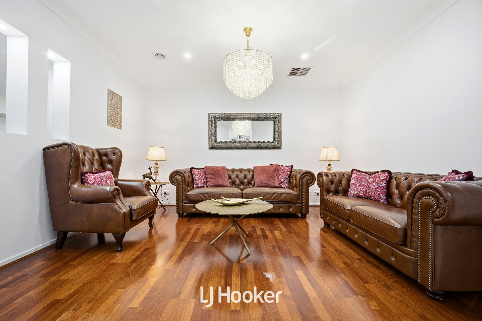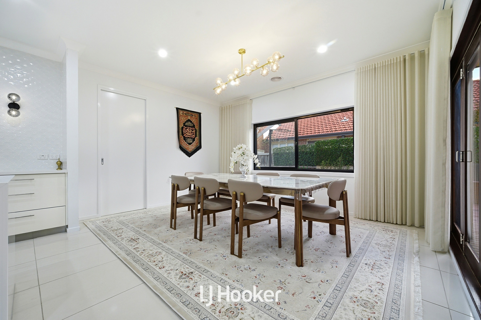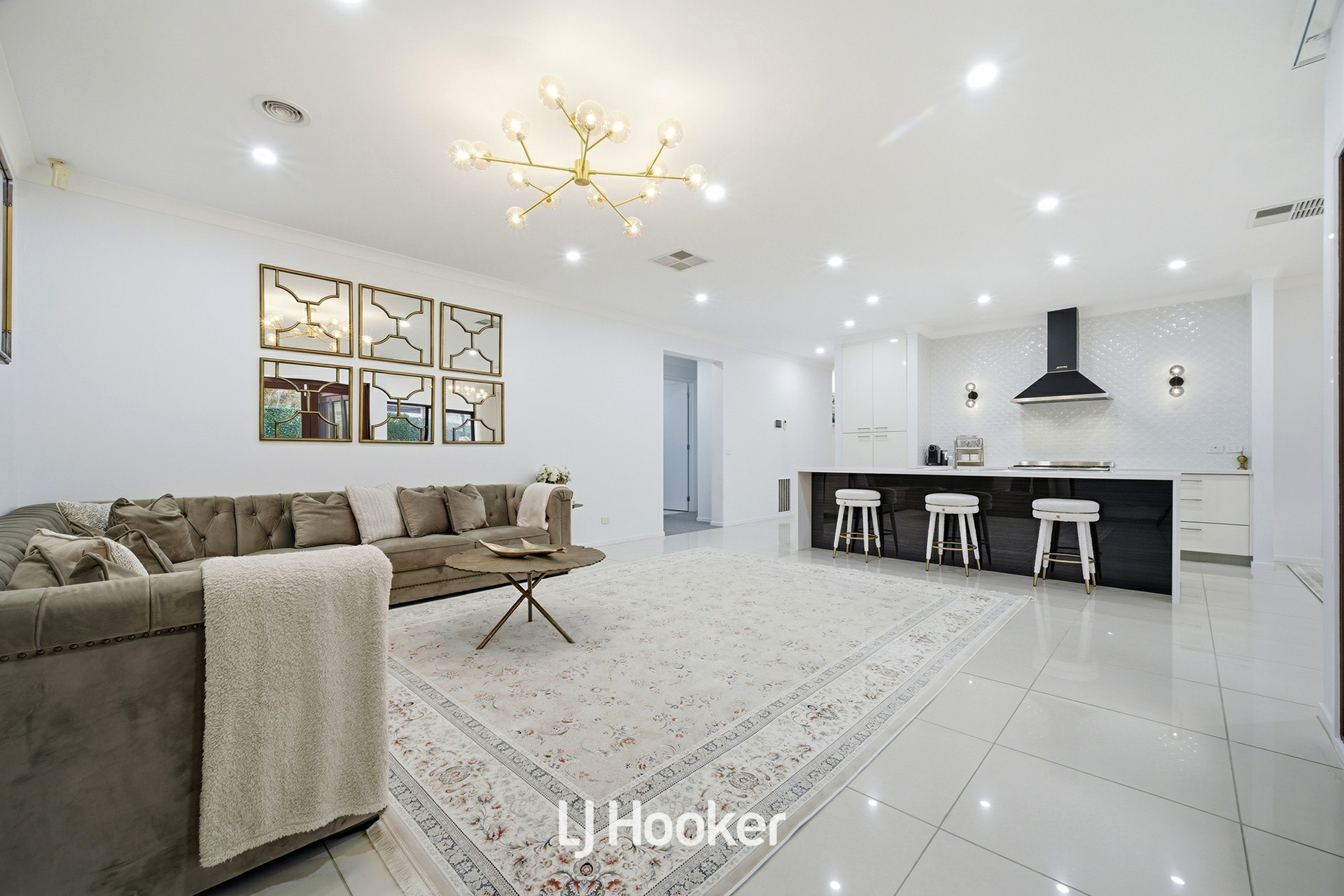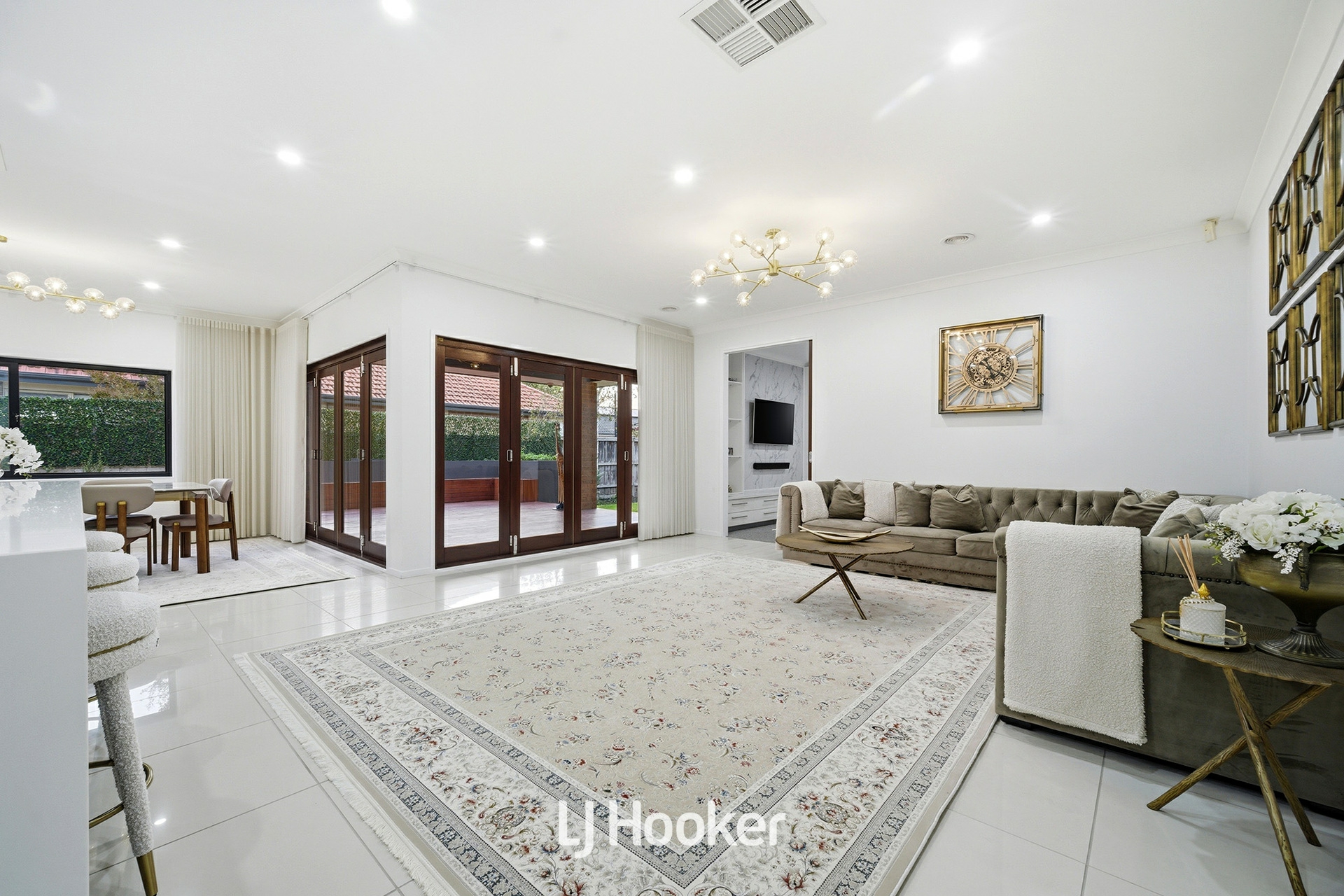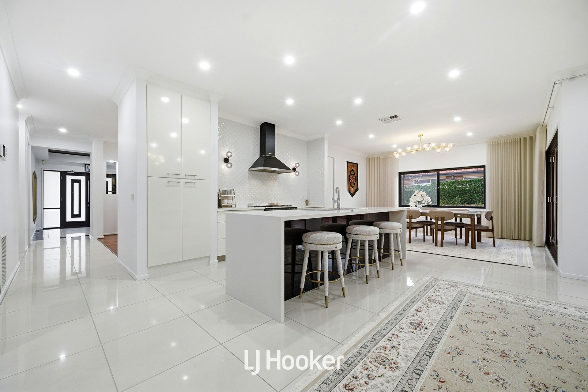 Upon entry, you are immediately welcomed by a sense of scale and elegance, enhanced by impressive 2.7m high ceilings and stylish downlights throughout. The formal lounge, beautifully appointed with exquisite chandeliers, offers a refined space for relaxation, while the expansive open-plan family and dining area forms the heart of the home, designed for both everyday living and impressive entertaining.
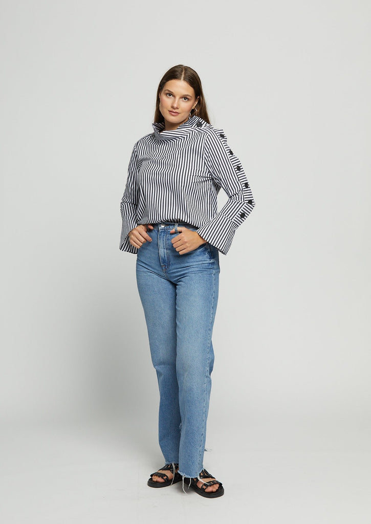 Kya Striped Button Blouse - Black
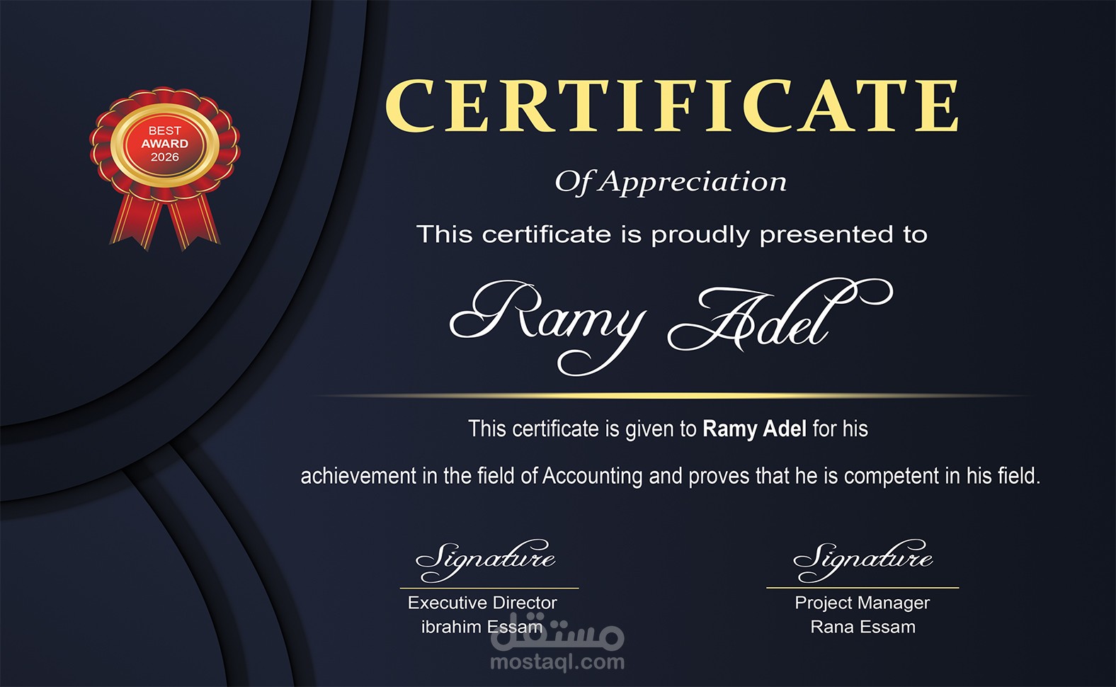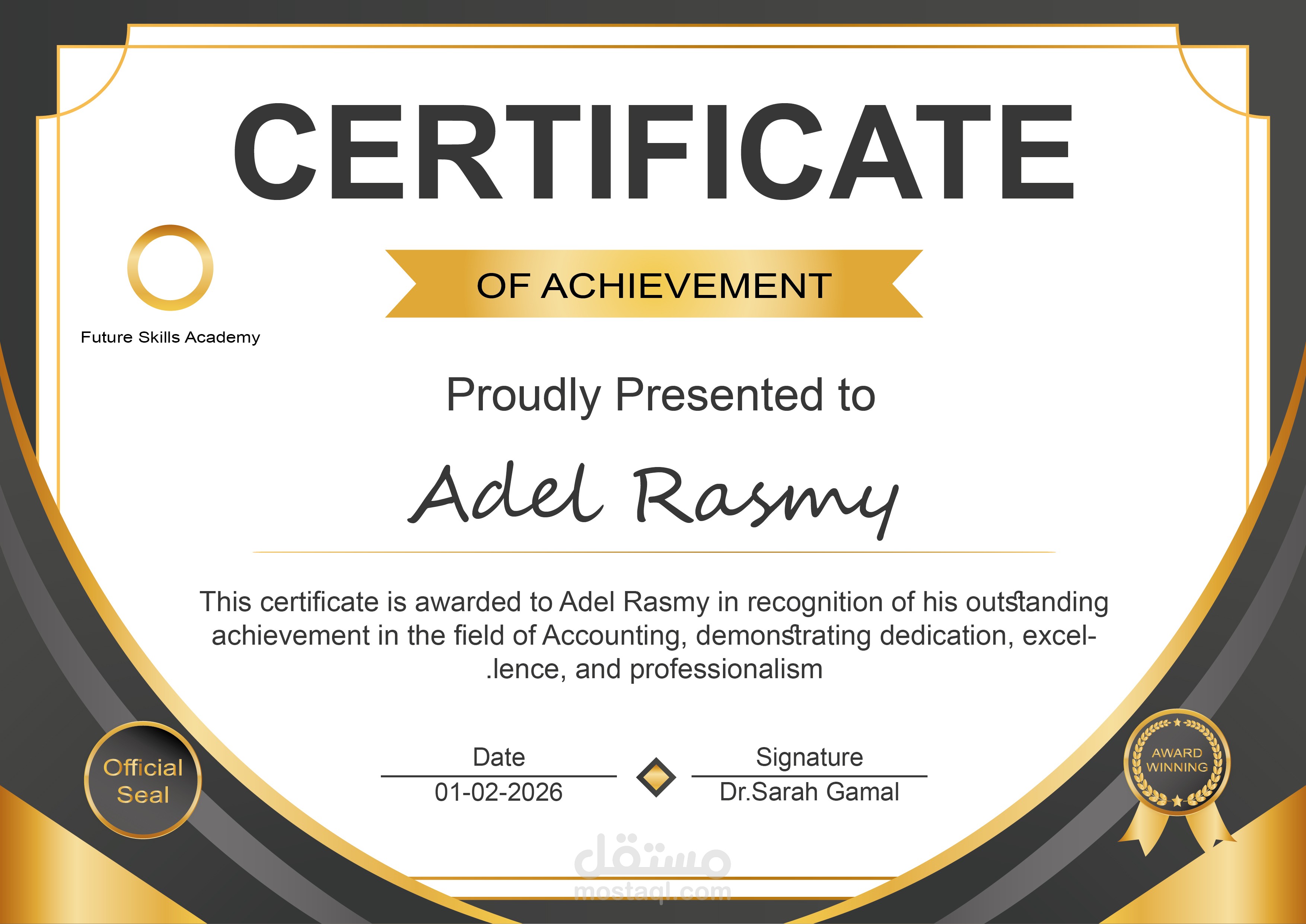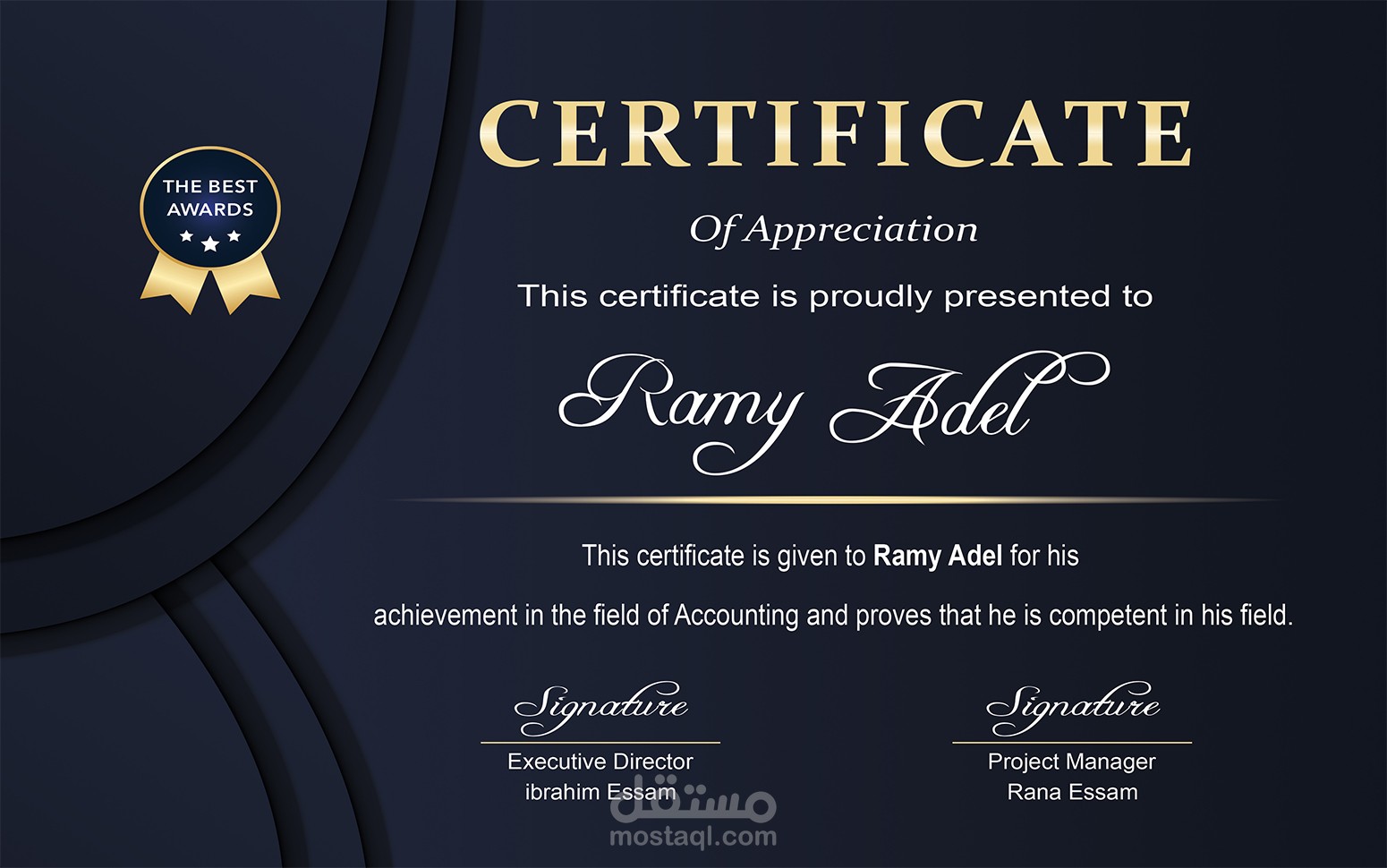 تصميم شهادات جاهزة للطباعة والاستخدام الرقمي، مع مراعاة مقاسات A4 الرسمية وأبعاد مختلفة حسب الحاجة.
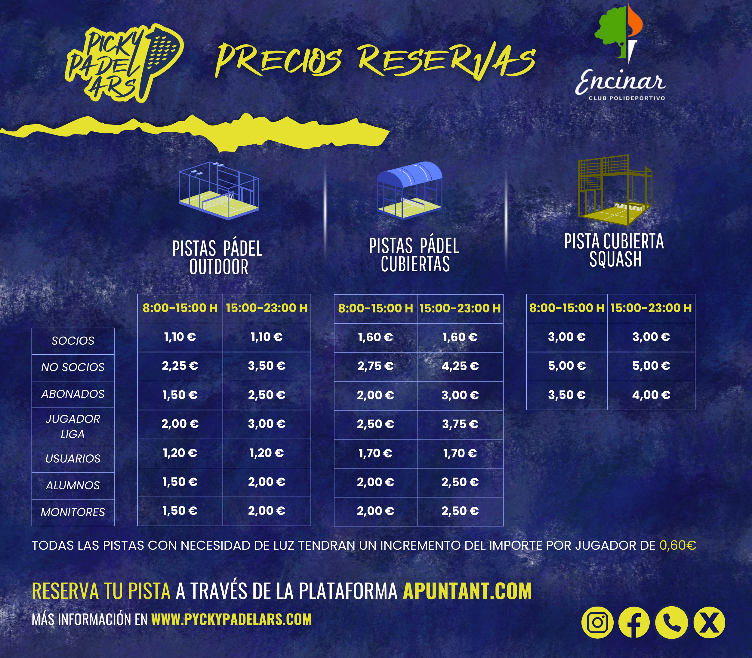 LAS RESERVAS CON LUZ SE TENDRÁN QUE PAGAR SU IMPORTE EN FUNCIÓN DE LA ESTACIÓN Y LOS CAMBIOS DE HORA. EN LA FRANJA QUE COINCIDA CON EL CREPÚSCULO, SE APLICARÁ LA TARIFA CON LUZ OBLIGATORIAMENTE, INDEPENDIENTEMENTE DE LOS HORARIOS PUBLICADOS COMO REFERENCIA. A PARTIR DEL 2025 EL PRECIO DE LA RESERVA CON LUZ PASARÁ DE 0,50 A 0,60€ POR JUGADOR.

***

# Your goal
With images left out, the data must be transcribed exactly.

# Your solution
 Upon entry, you are immediately welcomed by a sense of scale and elegance, enhanced by impressive 2.7m high ceilings and stylish downlights throughout. The formal lounge, beautifully appointed with exquisite chandeliers, offers a refined space for relaxation, while the expansive open-plan family and dining area forms the heart of the home, designed for both everyday living and impressive entertaining.
 Kya Striped Button Blouse - Black
 تصميم شهادات جاهزة للطباعة والاستخدام الرقمي، مع مراعاة مقاسات A4 الرسمية وأبعاد مختلفة حسب الحاجة.
 LAS RESERVAS CON LUZ SE TENDRÁN QUE PAGAR SU IMPORTE EN FUNCIÓN DE LA ESTACIÓN Y LOS CAMBIOS DE HORA. EN LA FRANJA QUE COINCIDA CON EL CREPÚSCULO, SE APLICARÁ LA TARIFA CON LUZ OBLIGATORIAMENTE, INDEPENDIENTEMENTE DE LOS HORARIOS PUBLICADOS COMO REFERENCIA. A PARTIR DEL 2025 EL PRECIO DE LA RESERVA CON LUZ PASARÁ DE 0,50 A 0,60€ POR JUGADOR.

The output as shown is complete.